# My Best Shot ?



## Roy (Feb 23, 2003)

I wish I could get pictures like this every time,







I don't know how I did it.


----------



## AlexR (May 11, 2003)

Hey,thats my picture!!


----------



## pauluspaolo (Feb 24, 2003)

Excellent photo Roy - aren't you supoosed to be at work instead of playing about taking marvellous photos?


----------



## Roy (Feb 23, 2003)

That is my work,







Update coming soon, not today though.


----------



## jasonm (Nov 22, 2003)

Great shot .....give yourself a NATO...
























Jason


----------



## Roy (Feb 23, 2003)

Thank You Jason, I will.


----------



## Stan (Aug 7, 2003)

Cracking picture Roy, the lighting's just right. Lighting is hard to get right unless you can have a permanent set up. I love daylight but it's so inconsistant in Blighty.
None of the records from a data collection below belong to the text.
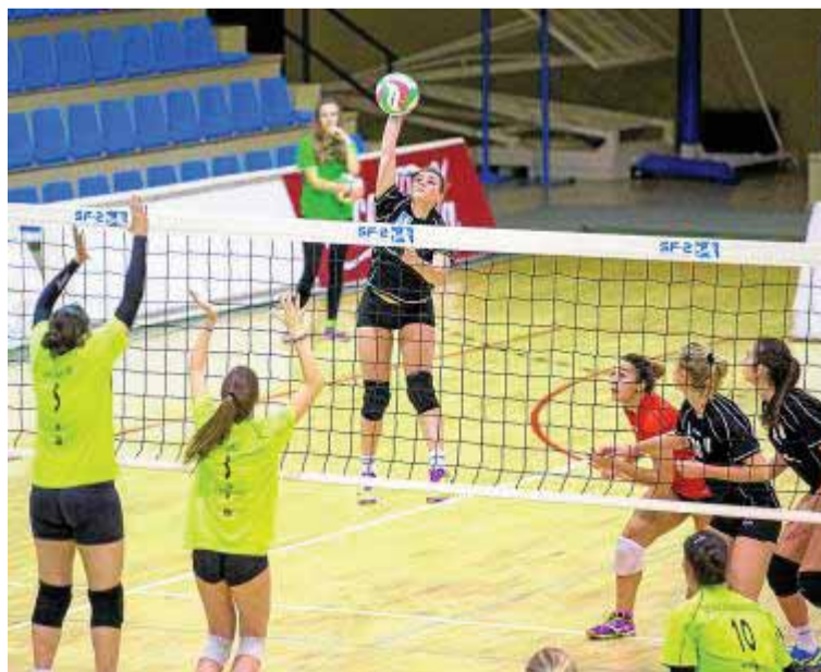
El 'Uni' sufrió la pasada semana para vencer a Murcia.

En Primera división masculina, el equipo capitalino se desplaza en esta ocasión a la localidad alicantina de Petrer para jugar ante Santo Domingo (18.30 horas). Los jugadores de Cipri Pérez buscan su primer triunfo de la campaña tras los dos reveses con los que ha iniciado el campeonato.
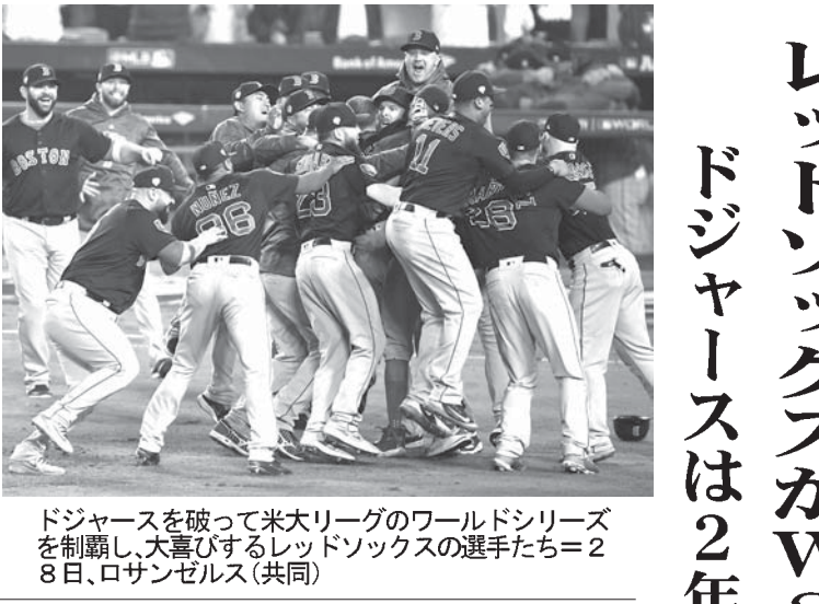
ドジャースを破って米大リーグのワールドシリーズを制覇し、大喜びするレッドソックスの選手たち。28日、ロサンゼルス

【ロサンゼルス共同】米大リーグのワールドシリーズ（WS）7回戦は28日、ロサンゼルスで第5戦が行われ、レッドソックス（ア・リーグ）がドジャース（ナ・リーグ）を5-1で破り、4勝1敗で5年ぶり9度目の制覇を果たした。ドジャースは2年連続
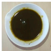
Gambar 1. Hasil Ekstrak Lidah Buaya

Sampel yang digunakan adalah 500 g daun lidah buaya ( Aloe vera L.) yang terlebih dahulu dihaluskan menggunakan blender. Tujuan dihaluskan adalah untuk meningkatkan luas permukaan sehingga penyarikan zat aktif pada proses maserasi lebih optimal (Kulsum & Sutriningsih, 2020). Hasil ekstrak yang diperoleh sebesar 32,4 g dan rendemen sebesar 6,48% dimana hasil rendemen memenuhi nilai ideal ekstrak, yaitu kurang dari 100%. Hasil ekstrak lidah buaya dapat dilihat pada Gambar 1.
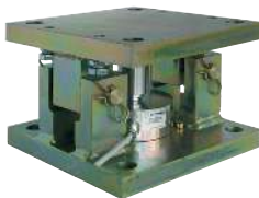
Kit de montage SILOSAFER - SILOSAFER-R mounting kit
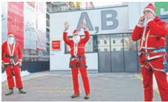
V Božičke se vsako leto spremenijo člani GRS Jesenice.
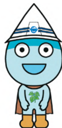
宜野湾市上下水道局のキャラクター「みじたまくん」

また、公共下水道への接続についてご不明な点がありましたら下記の間合せ先までご連絡ください。

Do you still think you need a new camera? I don't.


----------



## pg tips (May 16, 2003)

probably the best picture I've seen of an OM! Love the light bouncing off the chapter at 7


----------



## raketakat (Sep 24, 2003)

Trouble is Roy, its so good you can see some muck under the bezel







.

Sometimes a little soft focus and less light works wonders







.


----------



## raketakat (Sep 24, 2003)

I guess you must be part of the social realism movement







.


----------



## Griff (Feb 23, 2003)

Roy said:


> I wish I could get pictures like this every time,
> 
> 
> 
> ...










That's very good indeed, and it doesn't show a sign of any colour bleaching!!


----------